The extra servers were used to support two other S3 subsystems, one being the "index subsystem" used to manage metadata and location information for all S3 objects in a region, required for the service to perform data storage and management tasks. The second "placement subsystem" relied on the index subsystem in order to function, and is used to allocate storage for new data.
Enough servers were taken down in both of these subsystems caused a drop in capacity, forcing the team to restart all of the systems. During this restart period, S3 was unable to service requests, with it also impacting other AWS services in the region, including Amazon's Elastic Compute Cloud (EC2), Elastic Block Store (EBS) volumes, AWS Lambda, and the S3 console.
S3's subsystems are said by Amazon to be "designed to support the removal or failure of significant capacity with little or no customer impact," built with the assumption that systems will fail and can be replaced by another.
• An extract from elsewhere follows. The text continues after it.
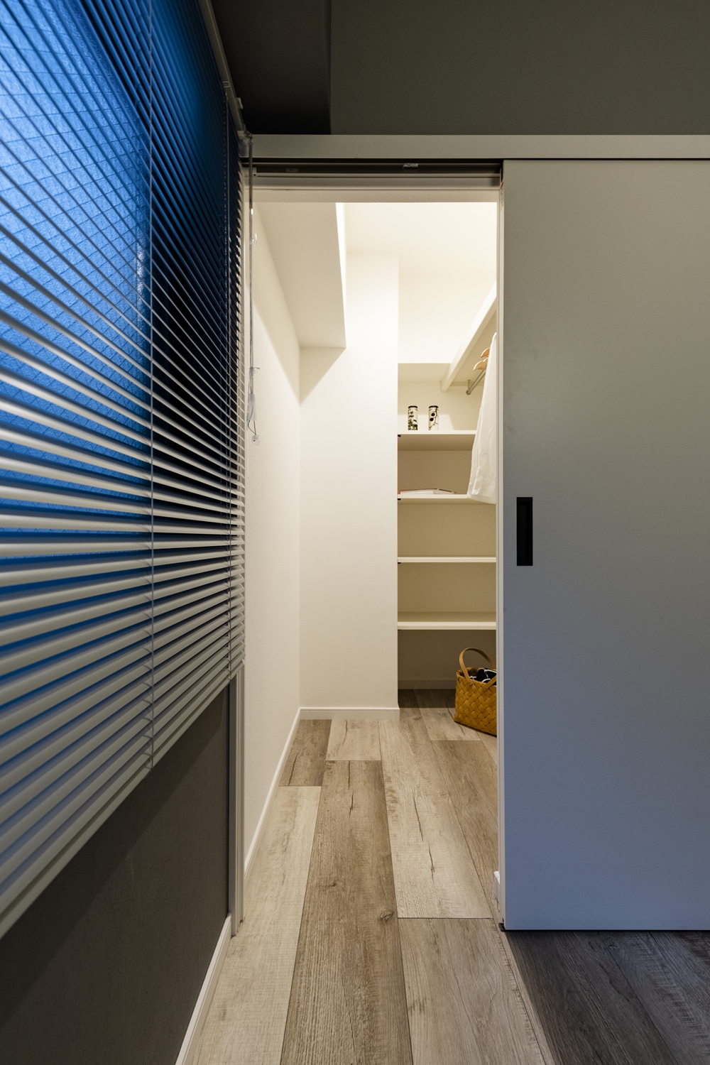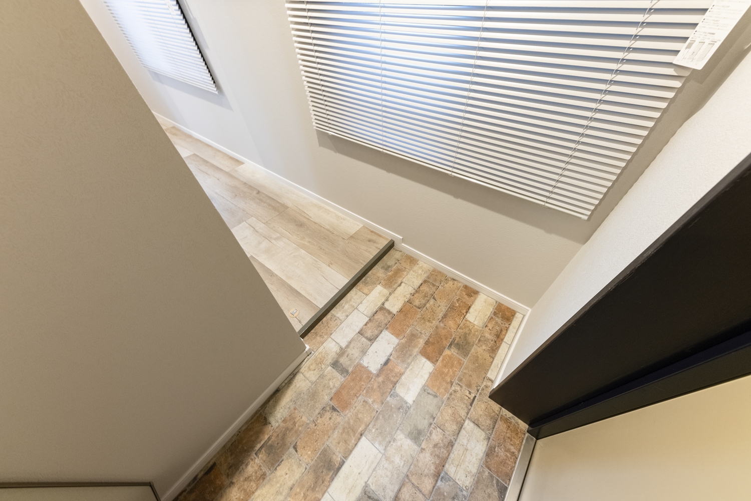 廊下/グレー系をミックスさせた幅広のフローリングを既存の床に重ね張りしました。異なる不揃いなカラーのコントラストが、カッコイイ表情を創り出してくれます。

Noting there has not been a complete restart of the index subsystem for "many years," the massive growth of AWS has caused the process of restarting the services and running safety checks took "longer than expected."
In order to prevent such a mistake from impacting assorted service as profoundly again, the tool has been modified to remove capacity more slowly, with added safeguards that will maintain the minimum required capacity level for each subsystem. Other operational tools will also undergo auditing to ensure they have similar checks in place.
Additionally, work is being carried out on the index subsystem to repartition it, dividing it down into smaller sections to speed up the recovery time.
The Service Health Dashboard, a page that displayed to AWS users the status of services, failed to show that there was an issue during the downtime, as it relied on S3 in order to function and couldn't update. Amazon's updating the dashboard so that it functions across multiple AWS regions, making sure it works without being dependent on any single region.
Amazon ends the note by apologizing for the impact of the event on its customers. "While we are proud of our long track record of availability with Amazon S3, we know how critical this service is to our customers, their applications and end users, and their business."
"We will do everything we can to learn from this event and use it to improve our availability even further."
The outage caused a number of websites that relied on S3 to suffer issues, as well as a number of apps that used Amazon's cloud servers for their services. Apple customers were also affected by the outage, with some users of the iOS and Mac App Stores, iCloud Drive, Notes, iCloud backup, Apple TV, and Apple Music encountering issues during the downtime.
Apple is believed to be making progress moving away from relying on Amazon for its cloud services, by creating its own data centers instead. Apple's Mesa facility is being turned into a "global command center," with the company working to establish new data centers in Ireland and Denmark.
Apple's existing Reno data center, handling Siri, FaceTime, and iMessage among other tasks, may increase its size in the future. It was recently reported Apple is planning to expand the data center by over 375,000 square feet, at a cost of around $50.7 million.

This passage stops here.